The Church of Jesus Christ of Latter-day Saints has updated its official handbook, calling on members to extend support in their communities to refugees.
“Many people have fled their homes seeking relief from violence, war, religious persecution, and life-threatening situations,” reads the new instruction in the LDS General Handbook, one of the most influential texts in the church.
“As part of their responsibility to care for those in need, Church members offer their time, talents, and friendship to welcome refugees as members of their communities.”
The call to action, made August 4, is supported by two LDS scriptures focused on the importance of taking care of the poor:
The Book of Mormon, which they hold “clarifies Christ’s doctrine and brings the fullness of the gospel,” calls on the faithful to engage in such deeds as “feeding the hungry, clothing the naked, visiting the sick and administering to their relief, both spiritually and temporally….”
Similar appeals to tend to the needs of the poor can be found in the Book of Matthew, which, the church points out, contains some of “the most beloved passages of the Bible.”
The updating of the General Handbook is the latest in a series of efforts by LDS leadership concerning the issue of providing relief to refugees.
In a 2015 letter at the height of the Syrian refugee crisis, the church’s highest-ranking body, the First Presidency, urged members to look for local opportunities to assist refugee resettlement.

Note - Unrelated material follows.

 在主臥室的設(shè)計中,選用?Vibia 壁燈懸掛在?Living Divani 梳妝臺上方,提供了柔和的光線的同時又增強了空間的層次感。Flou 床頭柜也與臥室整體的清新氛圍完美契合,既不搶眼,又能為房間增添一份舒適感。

In 2016, Church leaders spearheaded the campaign “I Was a Stranger—An Effort to Serve and Include.” The drive encourages church members to interact with community organizations that serve refugees.
“The focus has really been on refugees since then,” Laurie Maffly-Kipp, professor of history and religion at Washington University in St. Louis, said in a recent Religion News Service article.
The campaign is directed both at the grassroots level as well as the Church’s Relief Society.